The Financial Times Is Definitely For Sale: Maybe

Everything is for sale if the price is right. This maxim applies to real estate and may even apply to a substantial media asset like the Financial Times – it just depends on who is doing the talking.

According to Bloomberg Business, the newspaper’s parent company Pearson Plc is entertaining a sale after receiving interest from potential buyers.

London-based Pearson is sounding out possible bidders for the salmon-coloured newspaper, which was founded in 1888, although informants asked not to be identified because the deliberations are confidential. A sale may value the business at as much as 1 billion pounds ($1.6 billion), according to the news service.

While there is no formal process under way, the Financial Times may draw interest from media companies such as Axel Springer SE as well as investors in Europe, the Middle East and Asia, the sources said.  “It’s a classic trophy asset, it has cachet,” Alex DeGroote, an analyst at Peel Hunt, is quoted in the Bloomberg story.
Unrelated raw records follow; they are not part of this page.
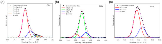C1s spectra (Figure 3a) are made of four components. The first component, fixed at 284.7 eV, is assigned to aromatic and aliphatic carbons; the second at around 286.0 eV to C-N; the third at about 287.6 eV is due to C-O carbons; the last at about 288.5 eV to C=O carbons [28].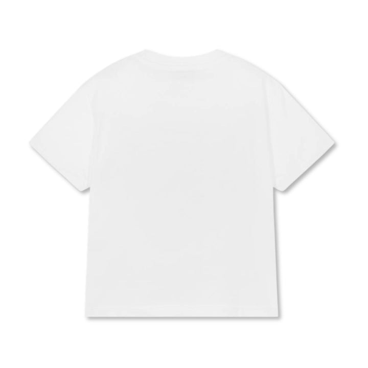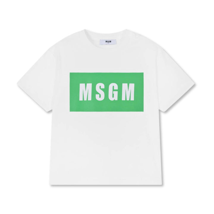 A white cotton T-shirt for boys and girls by MSGM. Made in soft jersey, this short-sleeved style has a bright green box logo design on the front for instant designer appeal.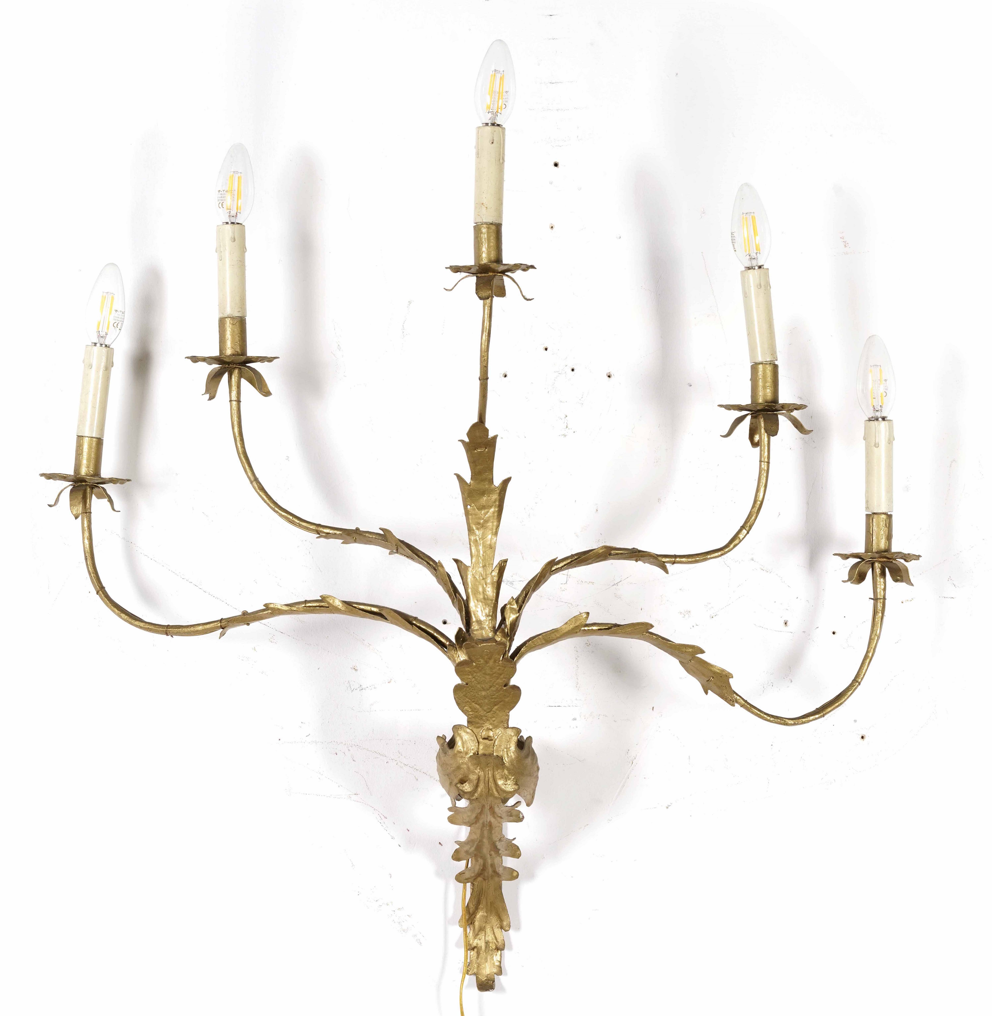 Applique a cinque luci in lamierino dorato. XIX secolo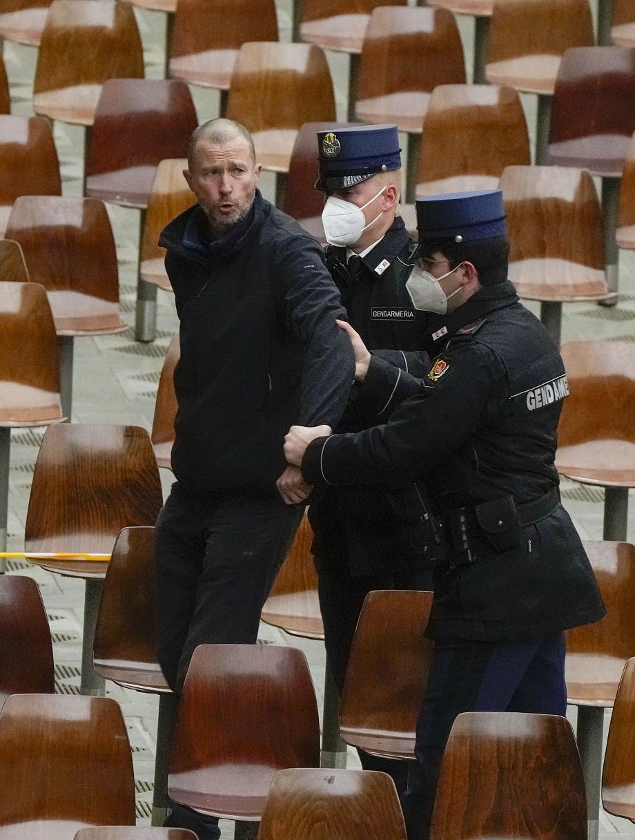 Galéria k článku Audienciu pápeža prerušil muž bez rúška: Toto nie je Božia cirkev, kričal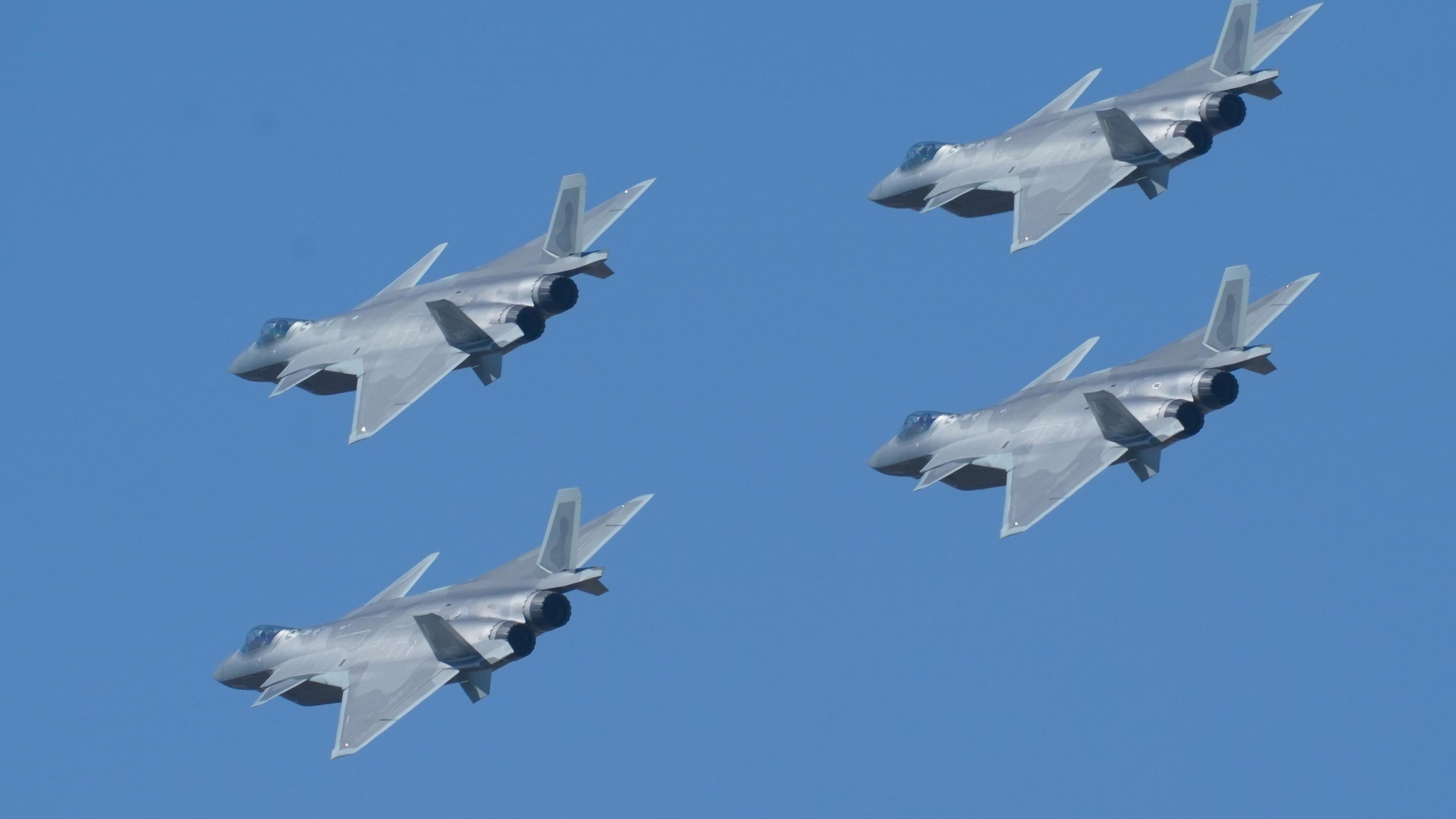 殲20四機編隊飛行

While DeGroote said he does see Pearson as a seller of the FT, he added that the mooted price would be “an extraordinary valuation.”

According to Politico, the Bloomberg story fails to identify a potential buyer named Bloomberg (the man) who has been privately floating the idea of a bid as far back as 2012. (He’s also floated a bid for The New York Times, though that is less likely to go up for sale.) In October 2012, he visited the FT’s London headquarters. Asked then if he would like to buy the paper, Bloomberg replied, “I buy it every day.”

Politico quotes insiders who say they think Pearson will eventually sell the FT, but they’re skeptical that a deal is now imminent. Media analysts poured cold water on the latest talk of a deal.

“We find difficult to believe that this is the right time for Pearson to sell the FT (or for management to consider a sale)…,” said analyst Claudio Aspesi at Bernstein, pointing to three reasons:

  • The company does not need the cash.
  • The FT is performing well and its prospects are — if anything — improving.
  • The newspaper has a fairly sizeable pension deficit and the trustees would most likely demand that it is paid in full.

“We have long advocated that Pearson should divest its non-educational assets, so we would have no problems with such move, but we are sceptical this will prove the right time to do it,” wrote Aspesi in a research note.

If Pearson does truly decide to put FT on the auction block, the thinking is it would naturally go to the highest bidder, in which case the anonymous “investors in Europe, the Middle East and Asia”  — may well read: China. Or Michael Bloomberg himself.

It just depends on who is doing the talking.